Data for the task:
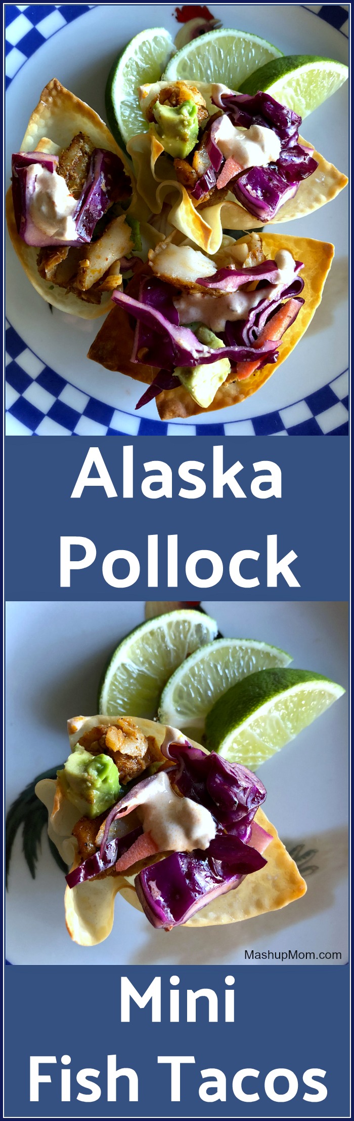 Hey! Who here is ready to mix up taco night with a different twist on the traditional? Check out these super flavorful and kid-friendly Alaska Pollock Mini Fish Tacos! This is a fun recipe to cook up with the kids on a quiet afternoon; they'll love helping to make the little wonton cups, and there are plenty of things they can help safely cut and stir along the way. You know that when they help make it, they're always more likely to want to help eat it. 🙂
==
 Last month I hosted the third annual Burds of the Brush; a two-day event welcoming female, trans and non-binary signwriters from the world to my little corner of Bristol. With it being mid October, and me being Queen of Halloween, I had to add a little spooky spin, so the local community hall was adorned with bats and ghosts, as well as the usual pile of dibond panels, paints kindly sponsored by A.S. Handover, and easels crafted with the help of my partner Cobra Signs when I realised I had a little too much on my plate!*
==
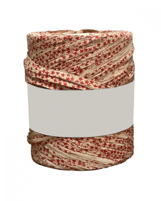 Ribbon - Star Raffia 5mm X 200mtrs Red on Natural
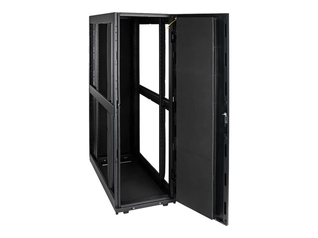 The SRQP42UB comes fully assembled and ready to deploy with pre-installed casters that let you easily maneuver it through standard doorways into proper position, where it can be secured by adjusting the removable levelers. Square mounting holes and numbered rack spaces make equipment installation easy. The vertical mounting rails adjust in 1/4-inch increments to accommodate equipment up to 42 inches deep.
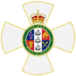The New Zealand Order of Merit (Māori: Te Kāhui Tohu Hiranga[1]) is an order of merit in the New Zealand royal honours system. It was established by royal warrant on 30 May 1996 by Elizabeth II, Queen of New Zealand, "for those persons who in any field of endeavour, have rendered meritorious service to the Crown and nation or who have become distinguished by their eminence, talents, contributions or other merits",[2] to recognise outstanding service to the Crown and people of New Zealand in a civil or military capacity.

Instructions for the task: Using the data above, which lines fall from the one with "The SRQP42UB comes" through the one with "The New Zealand Order"? Repeat them exactly, ends included, minus any pictures.

Expected answer:
 The SRQP42UB comes fully assembled and ready to deploy with pre-installed casters that let you easily maneuver it through standard doorways into proper position, where it can be secured by adjusting the removable levelers. Square mounting holes and numbered rack spaces make equipment installation easy. The vertical mounting rails adjust in 1/4-inch increments to accommodate equipment up to 42 inches deep.
The New Zealand Order of Merit (Māori: Te Kāhui Tohu Hiranga[1]) is an order of merit in the New Zealand royal honours system. It was established by royal warrant on 30 May 1996 by Elizabeth II, Queen of New Zealand, "for those persons who in any field of endeavour, have rendered meritorious service to the Crown and nation or who have become distinguished by their eminence, talents, contributions or other merits",[2] to recognise outstanding service to the Crown and people of New Zealand in a civil or military capacity.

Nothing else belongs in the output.